Blue Highways: Part 2, Chapter 16

 

Old advertisement, including misspellings and wrong directions, for the Swamp Guinea Fish Lod

Swamp Guinea Fish Lodge Site?, Georgia

I've put a question mark in the title of this post, and on the heading here, because I'm just taking a stab in the dark as to where the Swamp Guinea Fish Lodge was located.  In the advertisement above, which was circa 1967 or so, the directions are completely wrong.  The text says that it was located 10 miles west of Athens, Georgia but a little research shows that it was actually located east of Athens, near a little town called Colbert.  With a search around that area on Google Maps, I found Swamp Guinea Road.  Given the name, and the location, I am making an assumption that the Swamp Guinea Fish Lodge, which does not exist any more, was located there.  If I'm wrong, and someone knows for sure, please let me know.

I love LHM's description of his meal at the Swamp Guinea.  Just massive amounts of fried food loaded up on the plate.  The real Southern custom of adding a loaf of white bread to the meal, the sweet tea.  The closest I've come to a meal like that is in New Mexico, where I live, when I went to a Texas style eatery called Rudy's for a barbecue meal.  I also like his description of the waitress and her voice.  I tend to have a soft spot for waitresses, and listening to one reel of the day's specials with a soft Southern voice would be like listening to music in a dream.

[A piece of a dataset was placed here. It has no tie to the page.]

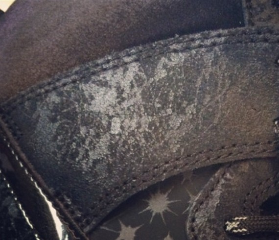 Brooklyn Projects再度联手Nike SB,打造全新联名SB Dunk High。Brooklyn Projects通过instagram提前放出局部谍照,暗色调鞋身选用多种材质搭配,麂皮配以纹理牛巴革,再搭配透明swoosh,类似闪耀星光的灰白色图案则凸显了好莱坞式的风格。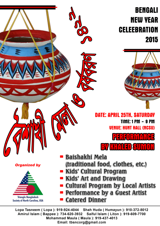 Eid Anondomela 2016 to be celebrated on July 30th Saturday from 5 PM - 10 PM at the Cary Senior Center, 120 Maury Odell Place, Cary.

I'm no stranger to eating a lot.  Way back in the day, when I lived in Milwaukee, I made a trip to Illinois on a business trip and was taken to a supper club.  When I ordered the "Pork o'Plenty" plate, the waitress tried to talk me out of it.  She looked at my size, which was tall and skinny and about 150 pounds when wet back then, and didn't think I was up to the task.  When I ordered soup and salad with it, she thought I was out of my mind.  She predicted failure.  I not only ate the soup and salad, but the Pork o'Plenty plate AND a dessert.  As we left, I heard her exclaim to another waitress "we have big beefy farmboys come in here but I've never seen anyone eat like that guy."

In Texas in the 90s, when my friend Tom came to visit me and I still weighed the same, we went to the County Line Barbecue near Austin and ordered the all-you-can-eat meat deal.  Our goal was to eat enough to make them lose money.  We ate at least three portions apiece.  In New Orleans, great meals were made of all-you-can-eat crawfish, boiled in crab or crawfish boil with potatoes and corncobs and dumped out on a table covered with butcher paper.  You could find that in restaurants, but the best were in the backyard parties.  We would "pinch dem tails and suck dem heads" all night, wash it down with Abita Amber and go home stuffed.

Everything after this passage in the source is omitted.